The film is credited with several other accomplishments. For one, it further cemented the career of Meryl Streep, making her a bona fide solo star in her own right without needing a man to play against. It catapulted “ingenue” (does anybody still use that word?) Anne Hathaway, then only known as a teen favorite for The Princess Diaries, into adult roles eventually led to her Academy Award for Les Misérables. Behind the scenes, it was where actors Stanley Tucci and Emily Blunt met and became friends, which eventually led to Tucci marrying Blunt’s sister, Felicity, some years later.
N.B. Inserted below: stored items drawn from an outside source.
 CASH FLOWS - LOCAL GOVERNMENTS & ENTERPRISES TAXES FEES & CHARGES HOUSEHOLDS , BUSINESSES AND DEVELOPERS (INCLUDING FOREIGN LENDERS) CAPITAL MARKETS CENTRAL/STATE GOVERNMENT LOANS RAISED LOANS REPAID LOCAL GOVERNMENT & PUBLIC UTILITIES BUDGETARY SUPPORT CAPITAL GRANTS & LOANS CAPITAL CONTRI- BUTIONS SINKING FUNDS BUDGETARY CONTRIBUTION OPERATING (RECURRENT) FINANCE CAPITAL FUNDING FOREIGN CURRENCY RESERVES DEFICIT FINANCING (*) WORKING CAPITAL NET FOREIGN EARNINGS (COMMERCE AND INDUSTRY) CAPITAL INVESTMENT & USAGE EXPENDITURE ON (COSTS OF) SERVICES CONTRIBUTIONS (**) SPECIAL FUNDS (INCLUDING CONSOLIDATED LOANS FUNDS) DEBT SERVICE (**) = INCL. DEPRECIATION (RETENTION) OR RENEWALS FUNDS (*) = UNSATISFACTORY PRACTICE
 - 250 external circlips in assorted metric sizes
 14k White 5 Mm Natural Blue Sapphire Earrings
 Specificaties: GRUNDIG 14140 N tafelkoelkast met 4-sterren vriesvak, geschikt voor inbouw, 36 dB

Prada also gave the fashion industry itself some much-deserved cred beyond its fluffy externals as a gazillion-dollar business woven into the lives of anyone who has ever put on “a lumpy sweater,” to quote Streep’s Miranda Priestly in the famous “cerulean” scene where she weaves the wholly fictional (but still authentic) tale behind a particular shade of blue that illustrates to the novice assistant, Hathaway’s Andrea “Andy Sachs,” how fashion trends that start in haute couture make their way down to the discount bin of a department store basement.
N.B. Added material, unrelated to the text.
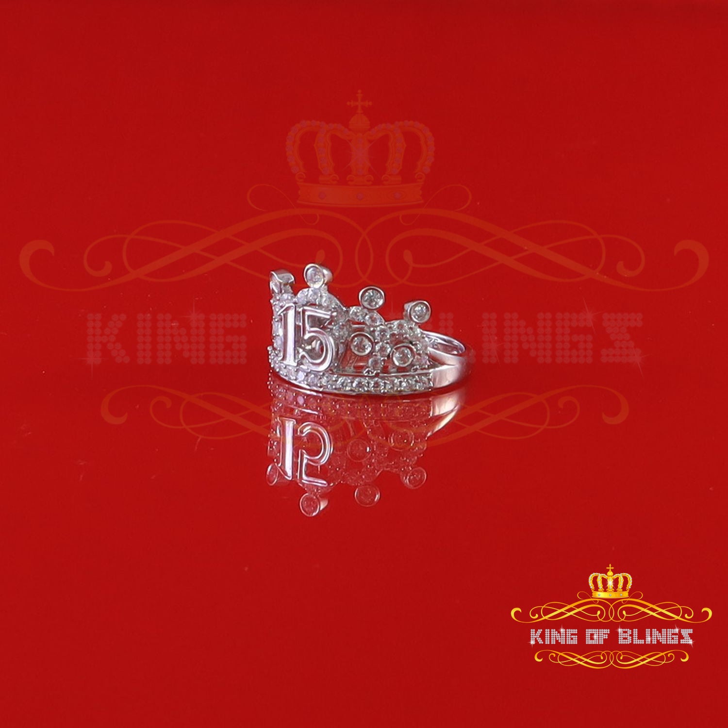 King Of Bling'sSterling 925 White Silver 1.50ct Quincenera Cubic Zirconia Women's Ring Size 8

And it was the ultimate Cinderella story in the bargain, especially for legions of young girls and gay boys, about the glamour, grit and sadism of the fashion industry and its attendant Big Important Magazines.
Well, not to be a downer, but that era’s pretty much gone.
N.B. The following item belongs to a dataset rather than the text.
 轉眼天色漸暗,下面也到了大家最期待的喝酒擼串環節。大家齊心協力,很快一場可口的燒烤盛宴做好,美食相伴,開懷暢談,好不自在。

The unlimited advertiser revenue of the pre-online aughts is a thing of the past, with its town cars and $300,000 cancelled photo shoots (a plot point in the movie that the publisher at Elias Clark, standing in for Condé Nast, just laughs about: “Those must have been some jackets!”). It was an era that reached its apotheosis in 2009’s documentary, The September Issue, where Wintour sliced and diced several print fashion layouts with glory days impunity.
Of course, nobody’s laughing at Condé Nast these days, after years of multi-million-dollar losses and a succession of failed CEO’s, though current leader Roger Lynch’s slimmed-down regime of merged international and U.S. editions was reported to have finally eked out a profit in 2021 (some of it coming from — gasp! — affiliate links, and subscription products like the Vogue Club, which promises behind-the-scenes access, discounts on the mag’s march and events for $30 a month.)
But more than the economics of the fashion/publishing complex wrecked by the digital revolution, the entire surrounding culture has changed as well.
In Prada, the main players are all white, with only a couple of Black characters at the margins — Andy’s gal pal Lily who runs a gallery, seen only fleetingly, played by Tracie Thoms, and the designer James Holt, played by Daniel Sunjata.
I hate to say it, that pretty much reflects the ways things were. At the magazine that gave me my start as a fashion editor in the ’80s, I don’t remember a single Black staffer. I’m not naming the publication because they were all like that. And it was much the same for the other magazines and newspapers that I freelanced for in the ’90s and beyond. Magazines, by and large, were a white industry for a white audience.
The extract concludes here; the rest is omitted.